Knight Center
Knight Center

JOURNALISM IN THE AMERICAS Blog

Colombian journalist Jineth Bedoya refuses to testify yet again in the case of her abduction and torture



This is at least the 12th time journalist Jineth Bedoya Lima has been called by the Colombian Attorney General to testify in the case of her kidnapping, torture and sexual assault that occurred more than 17 years ago.

The last time Bedoya Lima appeared before the court was March 1, when she had to testify in front of her attackers. That day affected Bedoya "physically, psychologically and emotionally."

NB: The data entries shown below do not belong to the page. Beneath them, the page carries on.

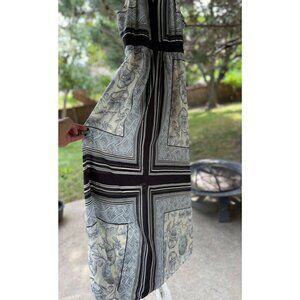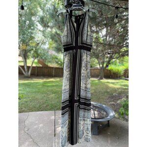 This Vince Camuto maxi dress exudes elegance with its classic black and white color scheme adorned with a sophisticated paisley print. Crafted from lightweight polyester, it offers both comfort and style. The sleeveless design is perfect for warmer days, and the flowing silhouette adds a touch of grace to any ensemble, making it an ideal choice for a variety of occasions.
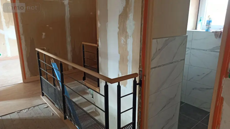 Caractéristiques techniques : Chauffage électrique mais radiateurs non fournis, double vitrage mixte PVC et aluminium, volets roulants électriques, assainissement collectif, couverture en ardoises naturelles et synthétique sur le préau uniquement. Toutes les portes sont absentes et seront à la charge de l'acquéreur. Surface habitable de 134m2 hors bureau.
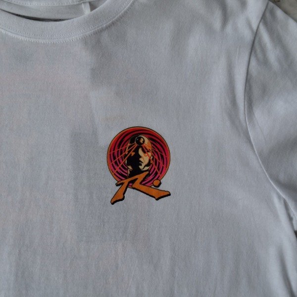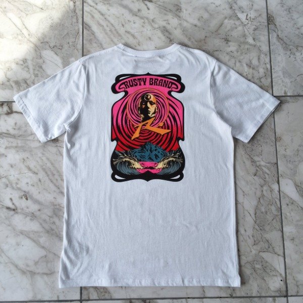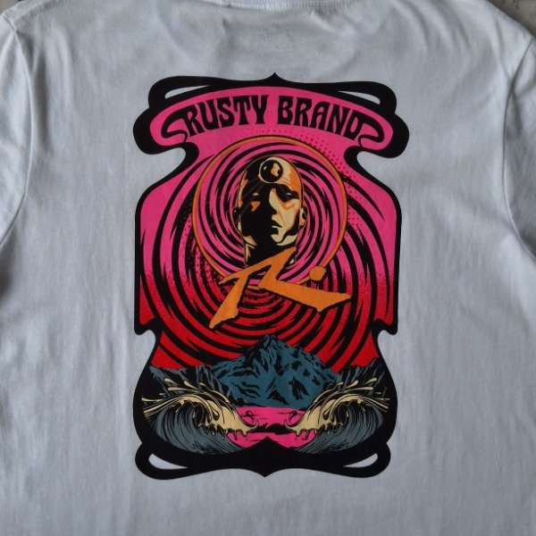 El frente lleva un logo pequeño y discreto con el rostro hipnótico en espiral. La espalda, sin embargo, es la protagonista: un gran estampado psicodélico en tonos vibrantes de rosa, naranja y negro, que enmarca el texto "RUSTY BRAND" y un gráfico de olas/montañas. ¡Ideal para darle un toque atrevido a tu look!

That's why, according to a message posted on her Twitter account on Sept. 11, Bedoya said she will not comply with the new subpoena that the attorney general called for the 22nd of this month. She said the entity wants to identify some people involved in her case in a process that, she explained, was already carried out three years ago.

"Sirs of the prosecution, I do not have time to go to this hearing, I will not go," the reporter said in her message. "Let it be in your conscience that you were not able of exercising justice in my case and that there are more important things: giving voice to women who survive."

The journalist explained that she prefers to continue working on a project she is carrying out with women survivors of sexual violence in the municipality of Tumaco in the Nariño department, one of the regions most affected by the country's armed conflict.

The journalist was kidnapped in front of Modelo jail in Bogota where she had come to interview a former head of the paramilitary group Autodefensas Unidas de Colombia (AUC) on May 25, 2000. After suffering torture and sexual violence, she was abandoned on a highway.

Since then, and without abandoning her journalistic work, she has sought justice that has led her to investigate her own case. As she explained, in addition to paramilitaries, agents of the State also participated in the crime.

On multiple occasions, Bedoya and her legal representatives, including the Foundation for Press Freedom (FLIP for its acronym in Spanish), have criticized the prosecution's repeated subpoenas that "revictimize" her.

One of these times was before the Inter-American Commission on Human Rights (IACHR) – an entity that is also analyzing the case – at a hearing in April 2016. At that time, one of the Commissioners asked the Colombian State if it did not consider the constant revictimization of Bedoya to testify “over and over” about her crime to be a “failure” of the investigation.

"Would the State agree that repeatedly asking about her abduction, torture and rape denotes the failure of its investigators?" the commissioner asked at the 2016 hearing. "Because taking statements of sexual violence is a very sensitive, painful and dramatic event for the victim so you must have a person properly trained to do so. Do you not accept that your officials have failed in their duties? "

In the more than 17 years investigating this crime, only two people have been sentenced. Both decisions came last year.

However, Bedoya has explained that according to her investigation of the crime, all the people implicated have not been called forward, and there is no advancement in terms of the masterminds behind the crime.